- _Problem to solve_: Whenever a line of the records below contains the word "הדיברות", copy that line.

---+---

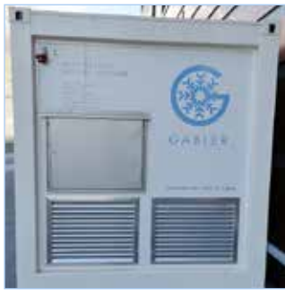
integrierte Kälte- und Elektrotechnik
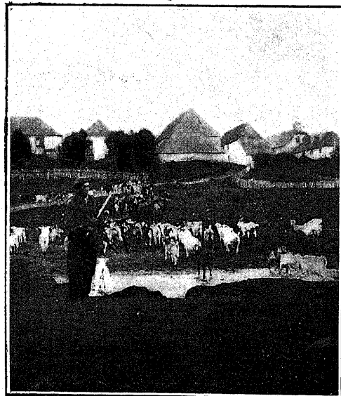
BURGUETE — (Nabarra) Vista parcial de la villa y un rebaño de cabras

Aún estamos a tiempo para reparar este olvido.
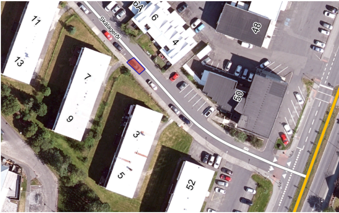
Tillaga að staðsetningu stæðisins. Nánari útfærsla fer eftir aðstæðum.
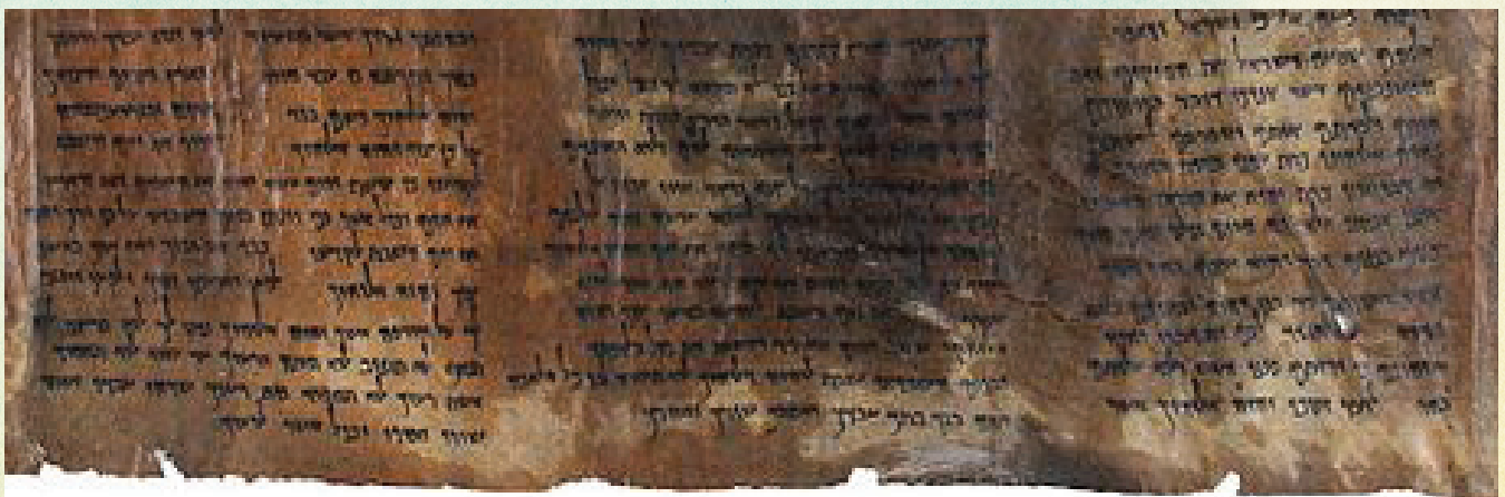
עשרת הדיברות במגילה עתיקה מהמאה הראשונה (מתוך ויקפדיה)

"כל שש מאות ושלש עשרה מצות - בכלל עשרת הדיברות" (רש"י, שמות כד, יב). עשרת הדיברות, החקוקים על לוחות הברית, הם המצוות הראשונות שקיבלו ישראל, ומהם נגזרות המצוות כולן. כך יוצא שהתורה כולה ניתנה באופן תמציתי לבני ישראל בהר סיני.
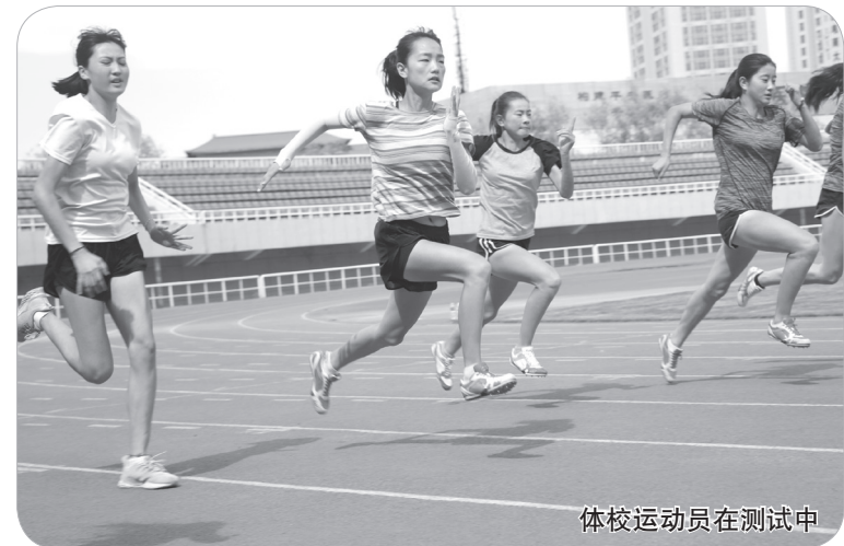
体校运动员在测试中
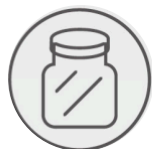
Tecnología anti desbordamiento
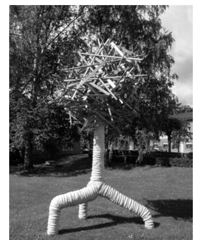
Vides objekts “Dzīvības koks”

Ar visu rakstā minēto skulptūru un vides objektu fotoattēliem var iepazīties www.aluksne.lv .
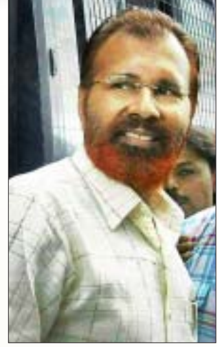
மோடியின் உத்தரவுப்படி போலி மோதல் படுகொலைகளை நடத்திய காக்கிச்சட்டை கிரிமினல் டி.ஜி.வன்சாரா.

படுகொலை, பல் வேறு ‘மோதல்’ படுகொலைகள், தீவிரவாத எதிர்ப்பு என்ற பெயரில் முசுலீம்களுக்கு எதிராகக் கட்டவிழ்த்து விடப்பட்ட அரசு பயங்கரவாத நடவடிக்கைகள் ஆகியவை குறித்த அனைத்து மர்மங்களையும் அறிந்தவர். இப்படி பட்ட பின்னணி கொண்ட டி.ஜி.வன்சாரா, தனது பதவி விலகல் கடிதத்தை சுய வாக்குமூலம் போலவே அளித்துள்ளார்.

---+---

- _Result of the task_:
עשרת הדיברות במגילה עתיקה מהמאה הראשונה (מתוך ויקפדיה)
"כל שש מאות ושלש עשרה מצות - בכלל עשרת הדיברות" (רש"י, שמות כד, יב). עשרת הדיברות, החקוקים על לוחות הברית, הם המצוות הראשונות שקיבלו ישראל, ומהם נגזרות המצוות כולן. כך יוצא שהתורה כולה ניתנה באופן תמציתי לבני ישראל בהר סיני.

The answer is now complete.